How to complete this task:
Using the listing below, please print exactly the lines from the one with "Bucatarie Korona Mebel" through the one with "Также на стене". Leave out every picture.

Material for the task section start

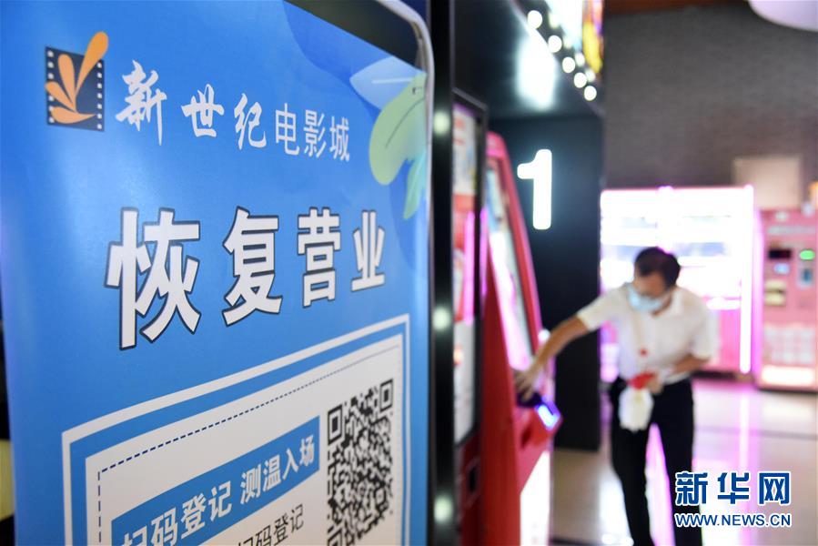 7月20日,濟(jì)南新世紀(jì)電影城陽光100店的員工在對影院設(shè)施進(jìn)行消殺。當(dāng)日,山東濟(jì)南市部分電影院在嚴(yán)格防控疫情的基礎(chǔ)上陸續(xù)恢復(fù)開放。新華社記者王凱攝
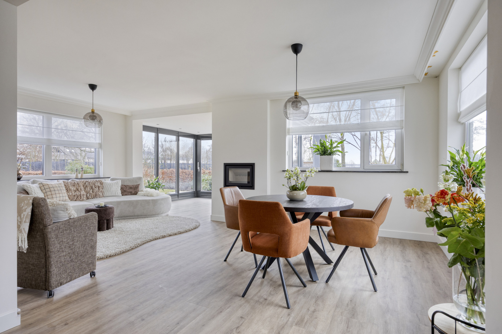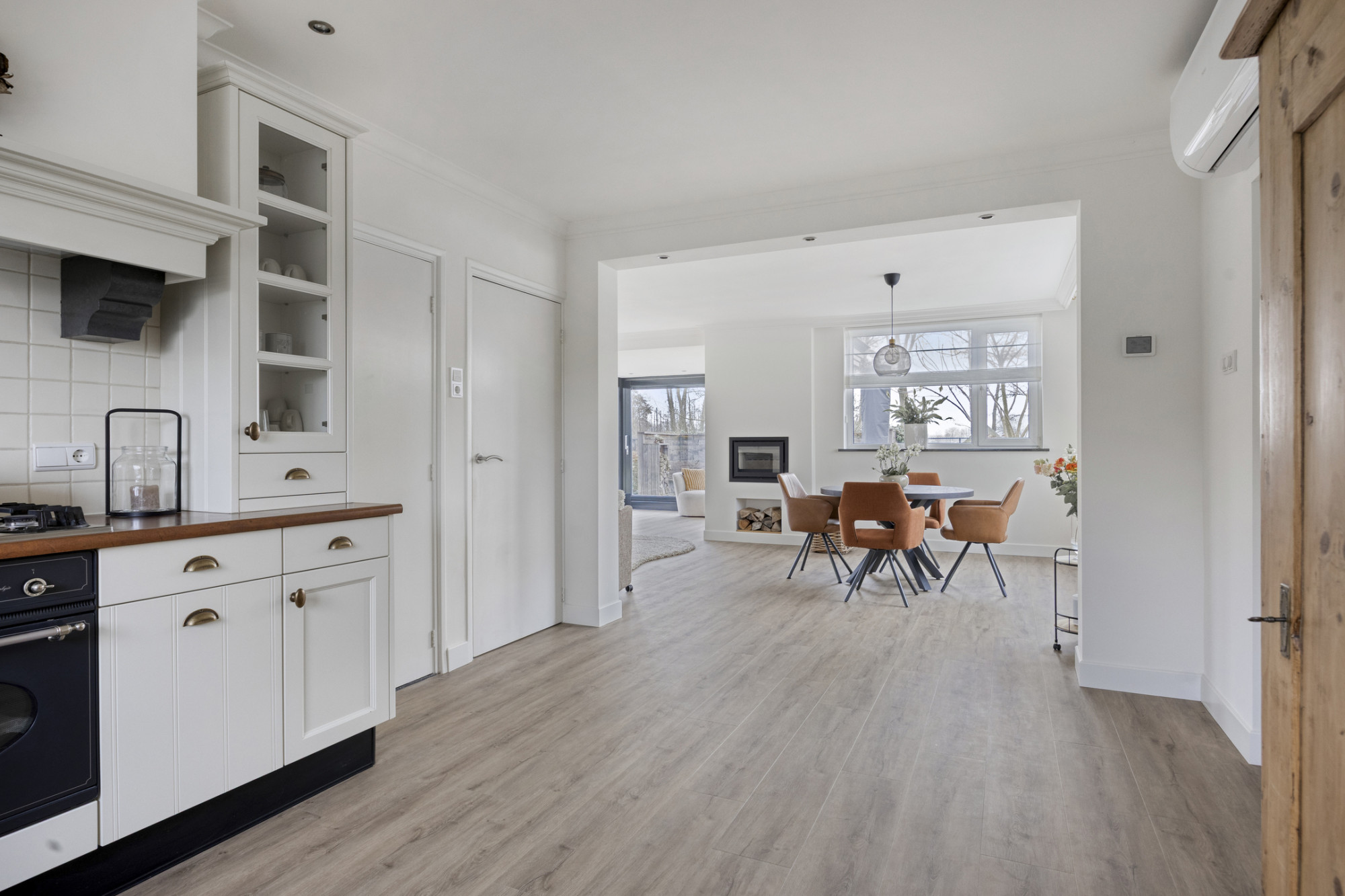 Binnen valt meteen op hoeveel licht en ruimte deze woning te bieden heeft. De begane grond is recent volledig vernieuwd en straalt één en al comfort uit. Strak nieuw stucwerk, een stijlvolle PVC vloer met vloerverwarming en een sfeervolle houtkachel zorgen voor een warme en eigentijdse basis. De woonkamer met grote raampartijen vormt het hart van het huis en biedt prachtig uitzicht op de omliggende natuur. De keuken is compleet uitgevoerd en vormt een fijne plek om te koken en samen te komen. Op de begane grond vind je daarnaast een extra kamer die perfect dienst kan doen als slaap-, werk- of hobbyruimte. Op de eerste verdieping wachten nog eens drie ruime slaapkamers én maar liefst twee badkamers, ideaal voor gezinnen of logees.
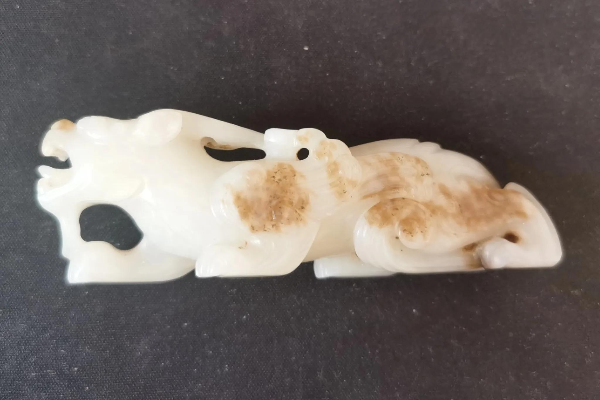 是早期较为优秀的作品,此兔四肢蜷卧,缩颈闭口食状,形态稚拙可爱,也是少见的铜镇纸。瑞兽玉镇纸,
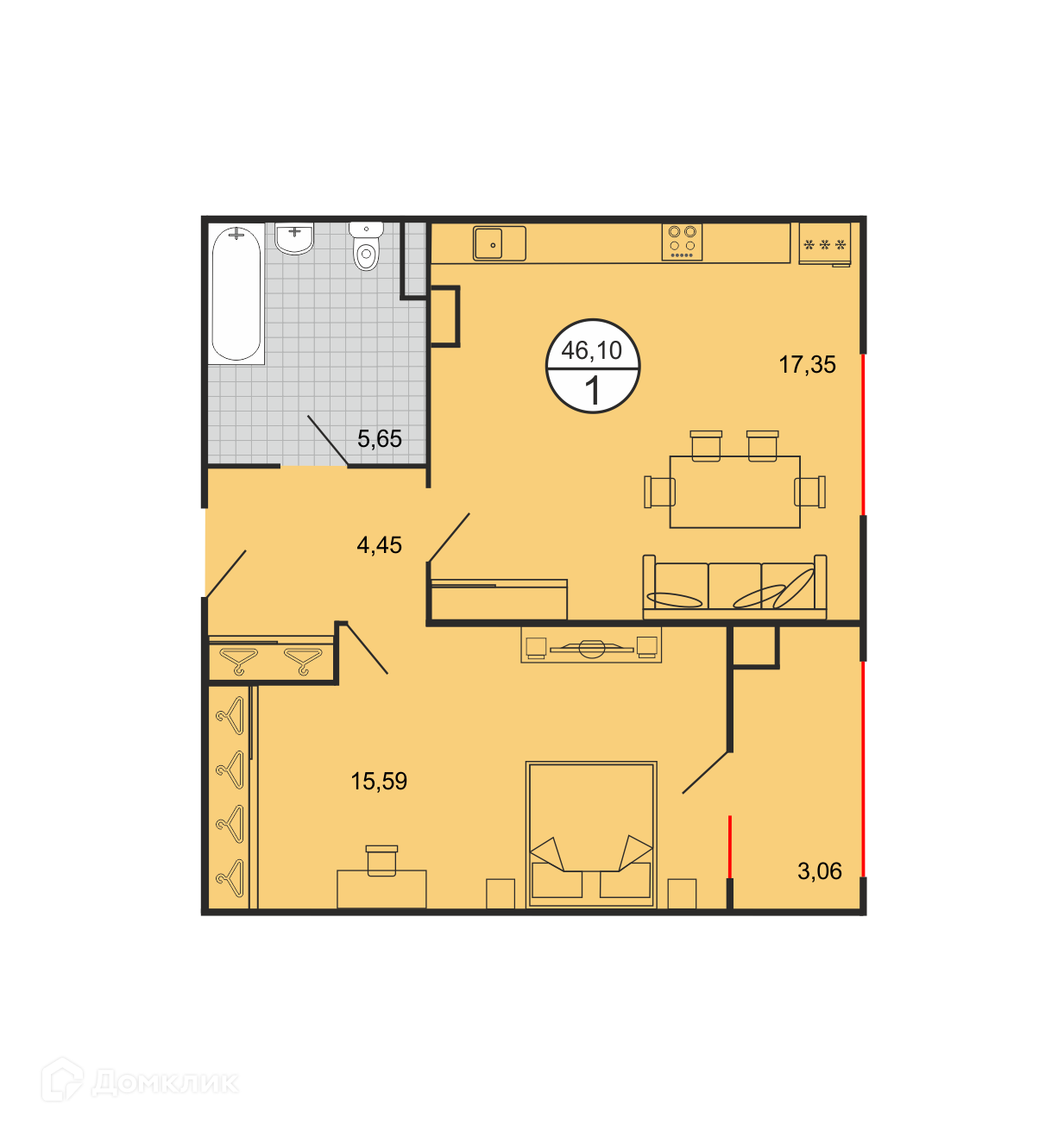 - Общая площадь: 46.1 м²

Material for the task section end
Material for the task section start

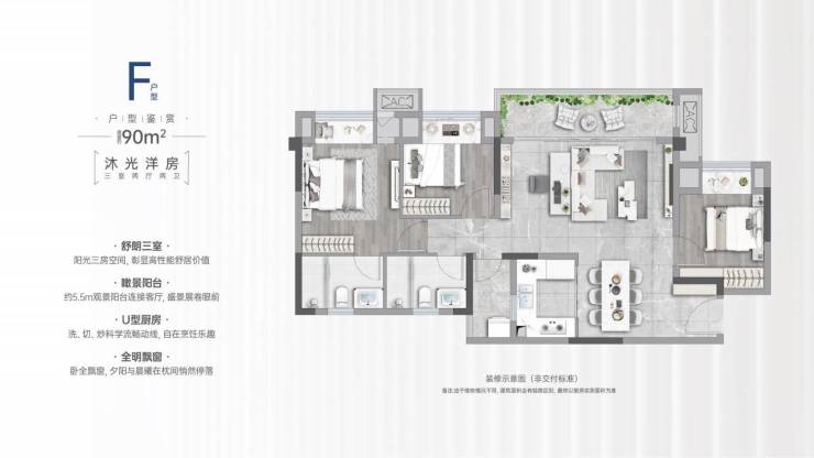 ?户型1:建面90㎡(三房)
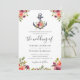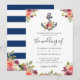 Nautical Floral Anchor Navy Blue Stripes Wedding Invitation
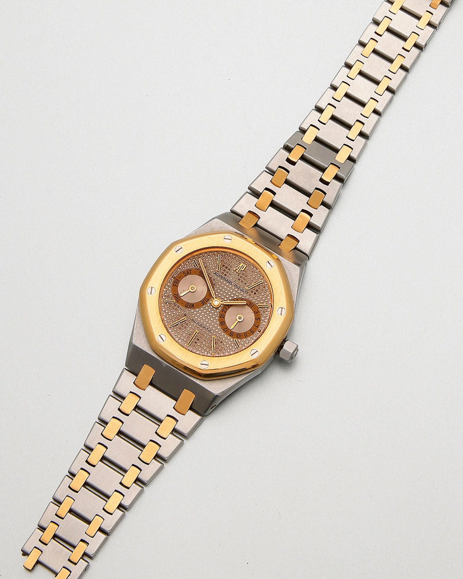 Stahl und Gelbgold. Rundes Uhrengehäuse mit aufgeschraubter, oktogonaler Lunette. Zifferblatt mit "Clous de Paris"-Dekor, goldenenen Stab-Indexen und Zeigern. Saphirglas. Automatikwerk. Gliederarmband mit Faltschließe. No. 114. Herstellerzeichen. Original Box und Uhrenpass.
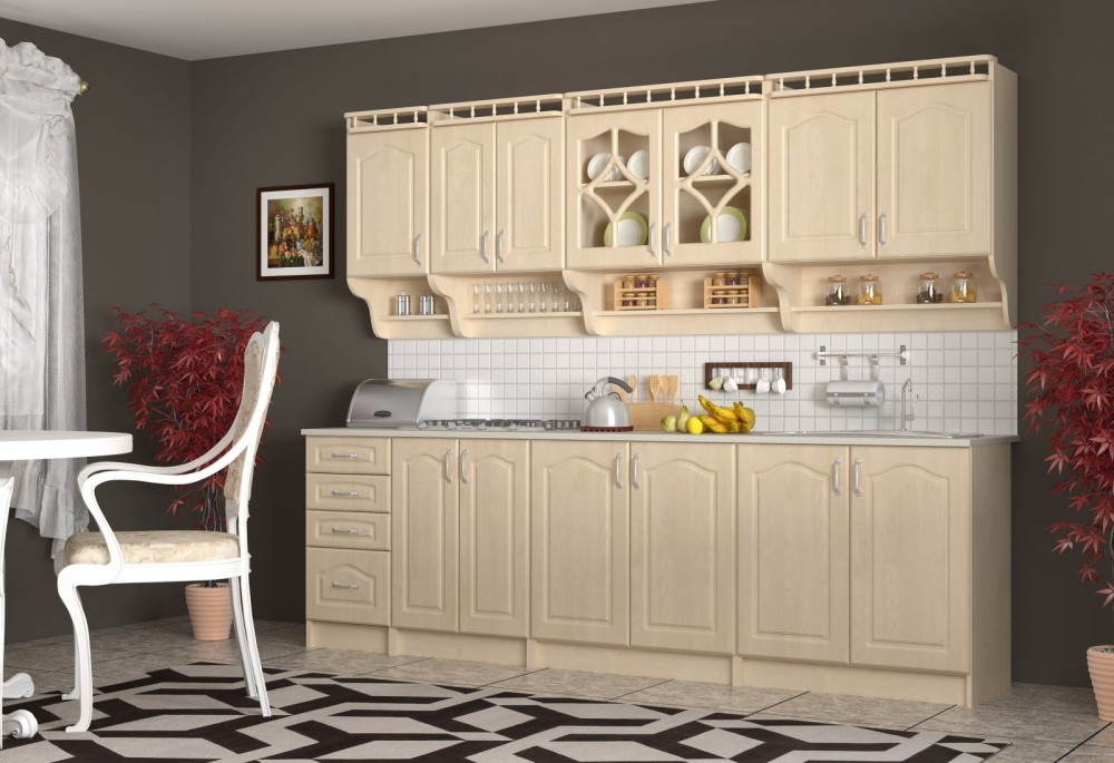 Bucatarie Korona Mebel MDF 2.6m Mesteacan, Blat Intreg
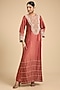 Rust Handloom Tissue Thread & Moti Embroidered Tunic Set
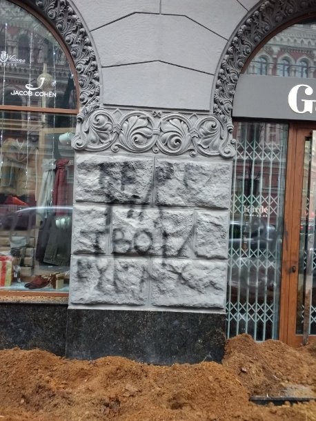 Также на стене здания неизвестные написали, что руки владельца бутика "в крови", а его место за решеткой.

Material for the task section end
Material for the task section start

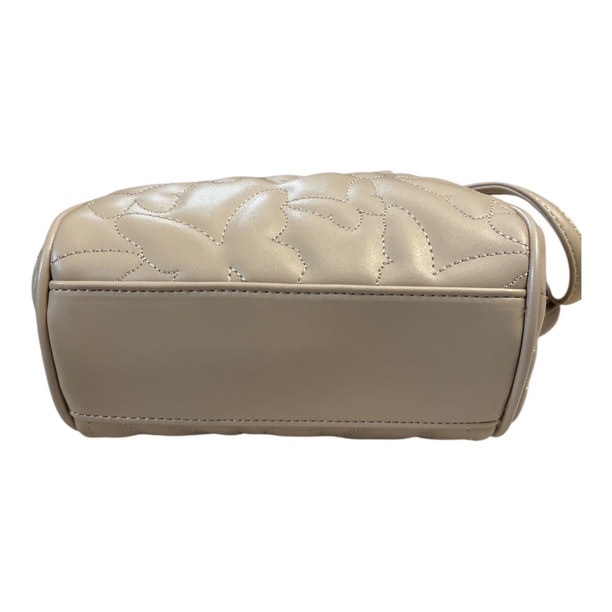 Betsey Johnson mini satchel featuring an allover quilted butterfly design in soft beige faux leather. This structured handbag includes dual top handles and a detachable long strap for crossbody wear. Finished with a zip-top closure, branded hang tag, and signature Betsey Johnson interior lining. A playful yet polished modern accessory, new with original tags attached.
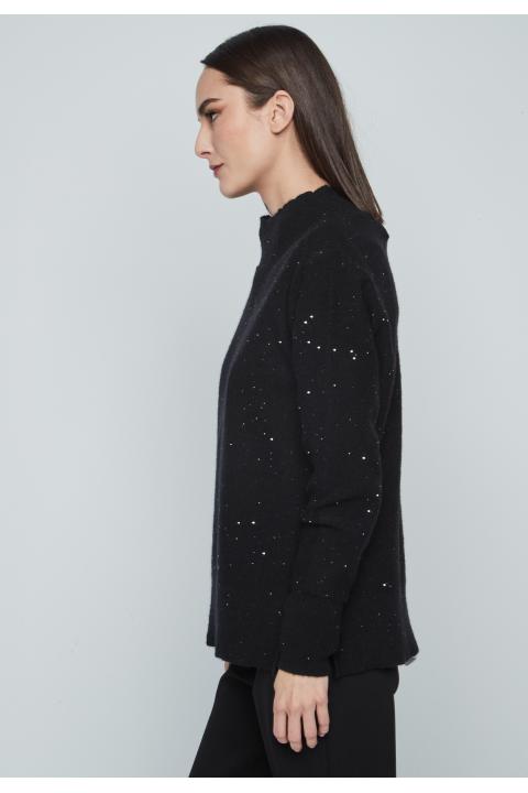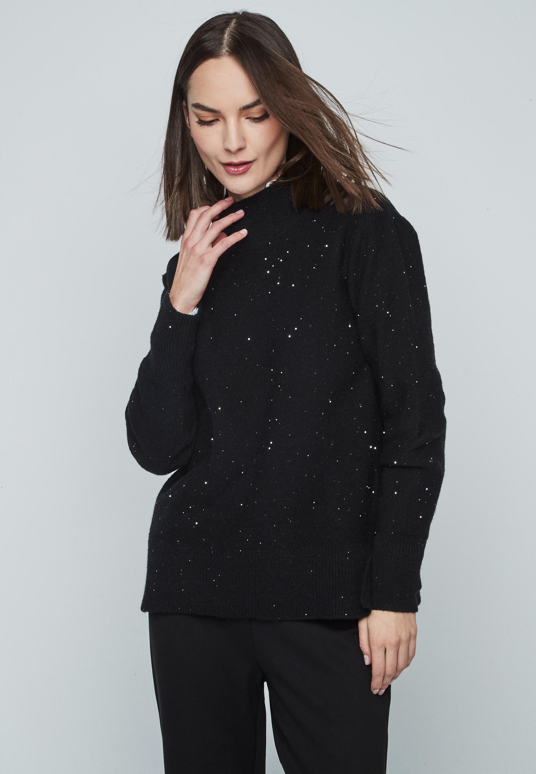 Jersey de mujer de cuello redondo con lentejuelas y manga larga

Material for the task section end

Task response:
 Bucatarie Korona Mebel MDF 2.6m Mesteacan, Blat Intreg
 Rust Handloom Tissue Thread & Moti Embroidered Tunic Set
 Также на стене здания неизвестные написали, что руки владельца бутика "в крови", а его место за решеткой.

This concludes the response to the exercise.